Вера хмурясь поднимает взгляд, но я не даю ей шанса на возражения.

— Сан.

— Ты сядешь на первый же самолет, Вера, — буравлю ее строгим взглядом.

— Но, майор. Как же я? Я должен быть здесь, — возражения мальчишки доводят до точки кипения.

— Отставить разговоры. Это приказ. С этой минуты ты несешь полную ответственность за этих людей, Ю Чоль. Хоть один пострадает, я с тебя спрошу. Ты меня понял? Быстро найди их всех, и проконтролируй, чтобы они сели на борт вместе с рабочими с вышек. Никаких вещей, сумок, и багажа. Все оставить здесь, а с собой взять только самое необходимое и документы. Выполняй.

Парнишка бледнеет, и не верит, что я вот так прогоняю его. Но иного выхода нет. Сон Ю Чоль находится там, где ему не место. Годами я наблюдаю, как он ломает себя, ради долга перед отцом полковником. Но он не солдат. Этот мальчик не умеет убивать, и не способен смотреть в глаза смерти.
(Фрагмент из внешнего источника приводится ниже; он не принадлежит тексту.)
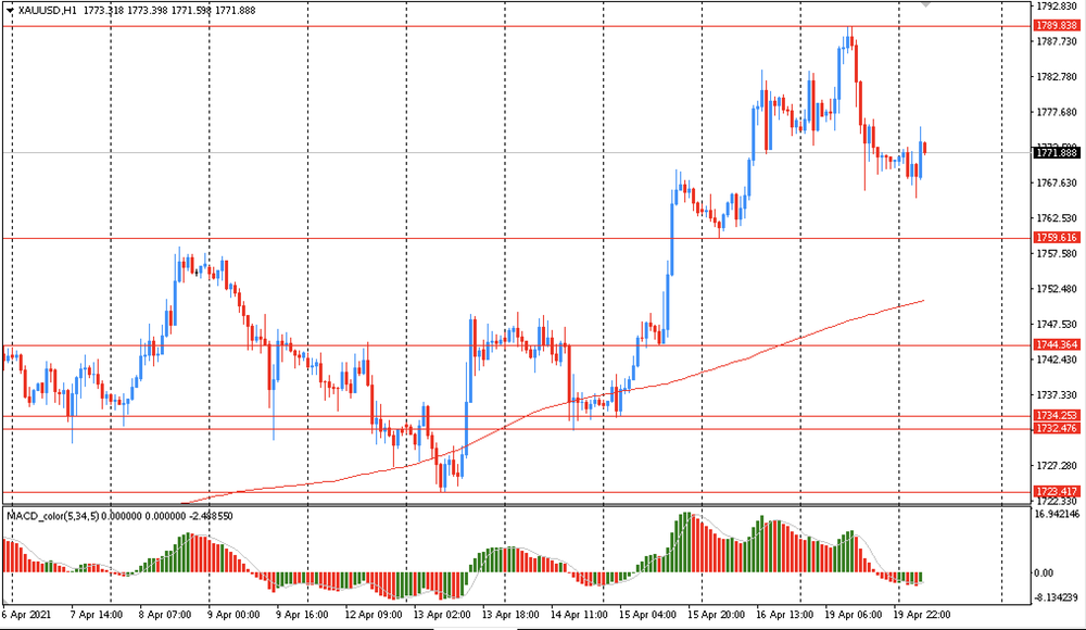 Основной сценарий продвижения пары — продолжение восходящего движения к $1789 (максимум 19 апреля). Альтернативный сценарий подразумевает закрепление ниже MA 200 H1 с последующим снижением к $1720 (минимум 5 апреля).

А здесь будут смерти. И не мало. Увести всех островитян не удастся.

— Ты не расслышал приказ, старший солдат Сон? — строго переспрашиваю.

— Майор Кан…

— Убирайся отсюда немедленно. Я не смогу посмотреть в глаза твоей матери, если ты погибнешь здесь. Вон, я сказал, — повышаю голос до рыка.

— Есть, — парнишка ошарашено шепчет, и пятится к выходу.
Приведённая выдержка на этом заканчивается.